**Available data:**
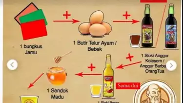 Jamu tersebut terbuat dari campuran satu bungkus jamu, telur bebek atau ayam kampung, anggur kolesom merek tertentu, beras kencur merk tertentu, serta satu sendok madu.
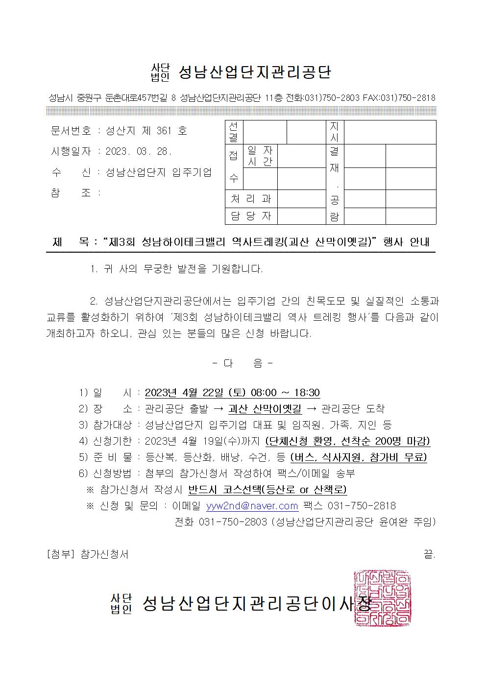 - 첨부파일: 제361호_첨부산막이옛길_트레킹_참가신청서.hwp (15.5K) -
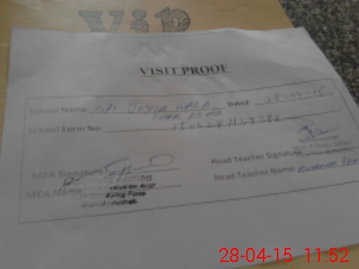 | Attendance Register | Head Teacher | MEA with School | Visit Proof |
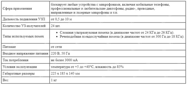 У прибора 24 излучателя ультразвука — такое количество излучателей создает очень мощную и эффективную помеху, действующую практически на любые микрофоны. В зоне действия прибора невозможно вести запись на смартфоны, диктофоны и другие гаджеты.
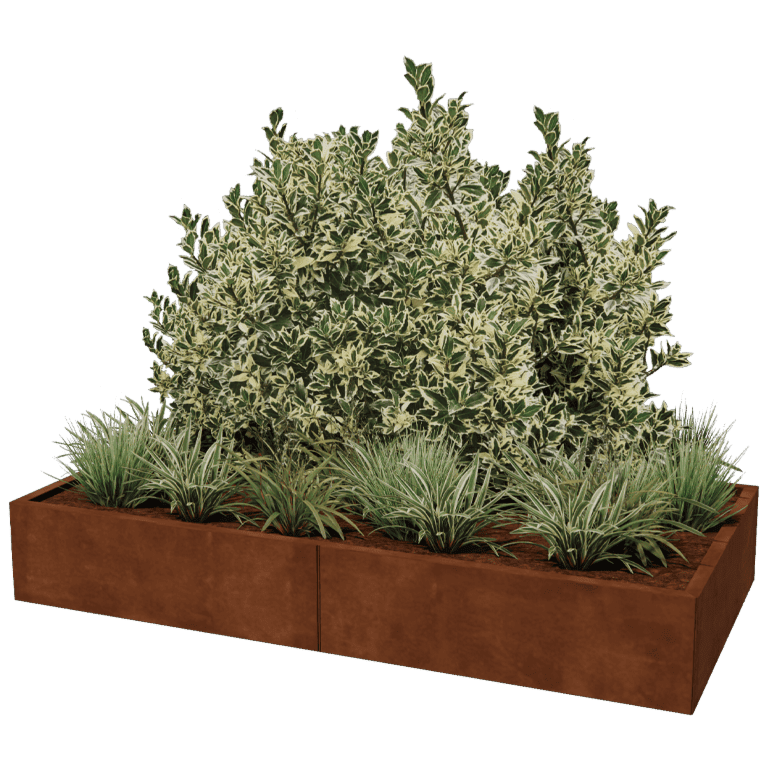Dieses Pflanzgefäß ist ein modulares Stahlgefäß, das als Bausatz geliefert wird. Das Pflanzgefäß ist aus einzelnen Paneelen und Eckstücken aufgebaut. Die Pflanzgefäße können völlig blind miteinander verbunden werden. Es sind keine Befestigungselemente zu sehen. Durch unser modulares System sind auch sehr große Abmessungen möglich. Durch die Verwendung von Eckstücken sind einzigartige Formen möglich, die sonst nirgendwo als Standard erhältlich sind. Weitere Informationenfinden Sie in der Anleitung.
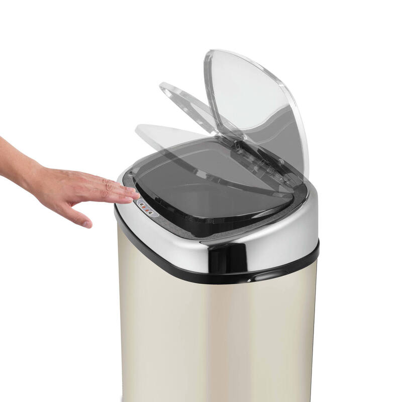 Dihl 45L Iris Cream with Chrome Lid Rectangle Stainless Steel Auto Touchless Hands-Free Sensor Kitchen Waste Dust Bin Automatic Motor
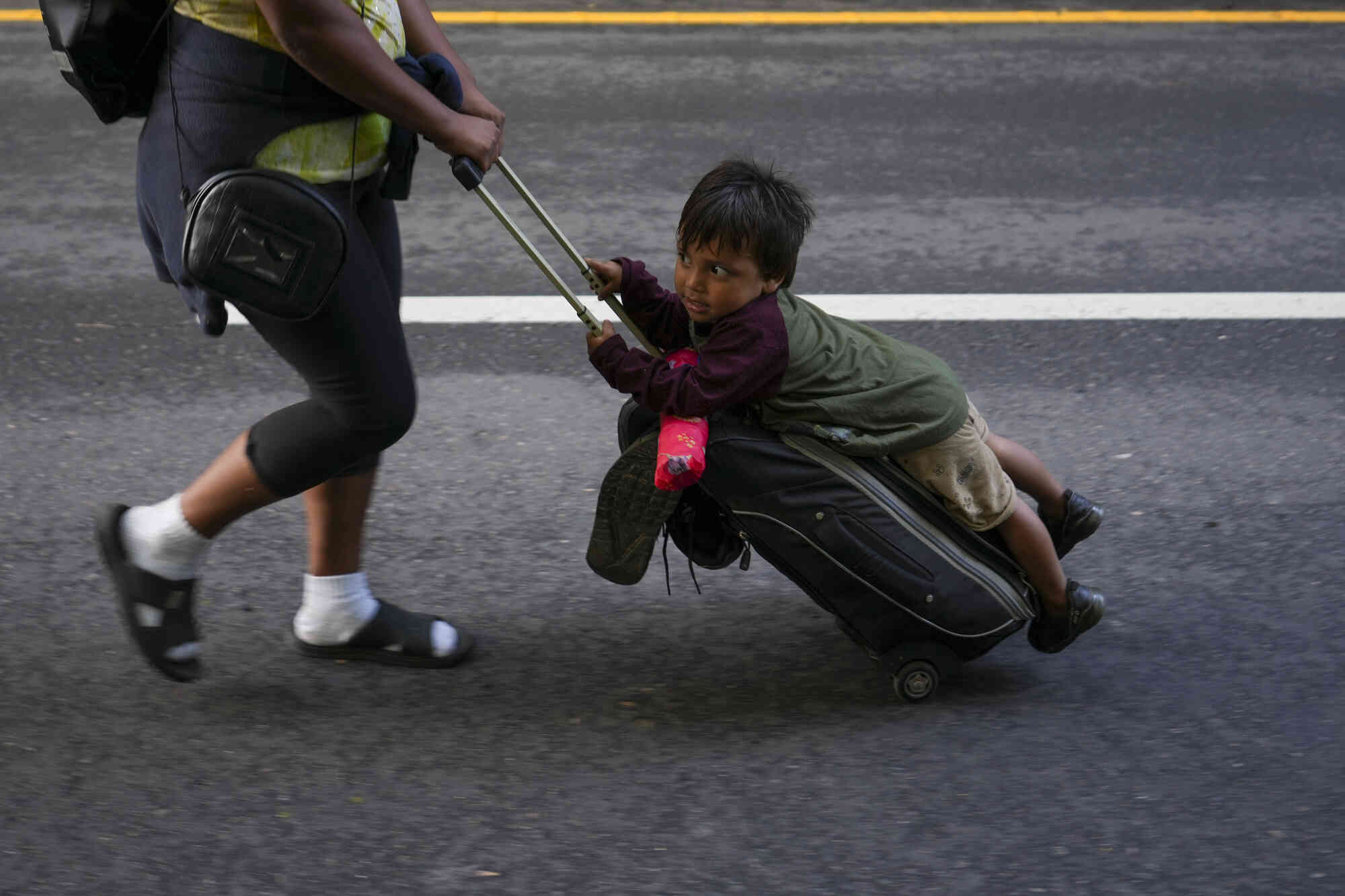 Nayely Nunez, from Honduras, uses her luggage to carry a child as she walks along the highway with a migrant caravan in Huixtla, southern Mexico, heading toward the country's northern border and ultimately the United States, Thursday, November 7, 2024. (Photo by Moises Castillo/AP Photo)
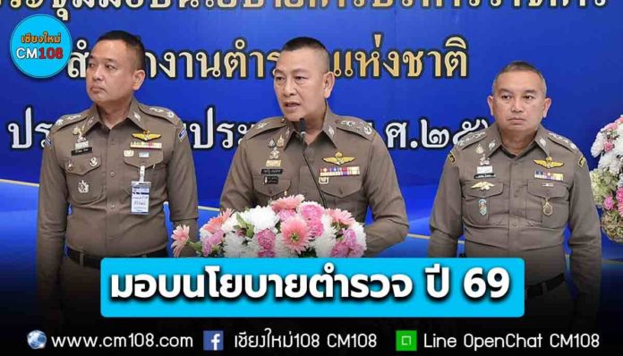 ก่อนมอบนโยบาย ผบ.ตร. ได้กล่าวขอขอบคุณข้าราชการตำรวจทุกนายที่ได้ร่วมกันปฏิบัติงานในปีงบประมาณ พ.ศ.2568 เป็นอย่างดี สร้างความเชื่อมั่นและศรัทธาต่อพี่น้องประชาชน และขอยกย่อง เชิดชูเกียรติ ตำรวจที่ได้ทำงานในการปกป้องรักษาอธิปไตย การรักษาความปลอดภัยพี่น้องประชาชนในพื้นที่ปะทะแนวชายแดน พื้นที่ส่วนหลัง ตลอดจนการขับไล่ผู้รุกราน ก่อความวุ่นวาย ลุกล้ำพื้นที่ของไทย ขอให้ทุกท่านได้รำลึกถึงภารกิจที่ตำรวจเหล่านั้นได้ปฏิบัติอย่างกล้าหาญ มีเกียรติและศักดิ์ศรี เราจึงต้องร่วมกันดูแล ค้ำชู ข้าราชการตำรวจและครอบครัวที่ได้รับผลกระทบในทุก ๆ ด้าน และขอให้ทุกหน่วยปฏิบัติร่วมกันหน้าที่และสนับสนุนการปฏิบัติดังกล่าวอย่างเต็มกำลังความสามารถต่อไป
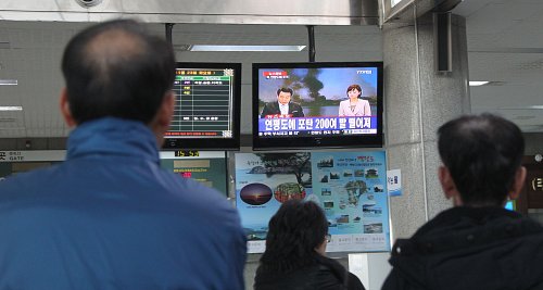 '이러다 전쟁나는 거 아녀?' 입력 : 2010-11-23 17:11:55 수정 : 2010-11-23 17:11:55 구글 네이버 유튜브 인천 연평도에 북한이 발사한 포탄 수십발이 떨어진 23일 오후 인천 연안여객터미널에서 여객선을 기다리던 승객들이 TV뉴스를 근심스럽게 지켜보고 있다. Copyright ⓒ 세계일보. 무단 전재 및 재배포 금지 세계일보 양혜선

**Exercise requirements:** Output, line for line and exactly, the records above from their first line through the one with "Visit Proof |", both ends included, but no pictures.

**Written answer:**
 Jamu tersebut terbuat dari campuran satu bungkus jamu, telur bebek atau ayam kampung, anggur kolesom merek tertentu, beras kencur merk tertentu, serta satu sendok madu.
 - 첨부파일: 제361호_첨부산막이옛길_트레킹_참가신청서.hwp (15.5K) -
 | Attendance Register | Head Teacher | MEA with School | Visit Proof |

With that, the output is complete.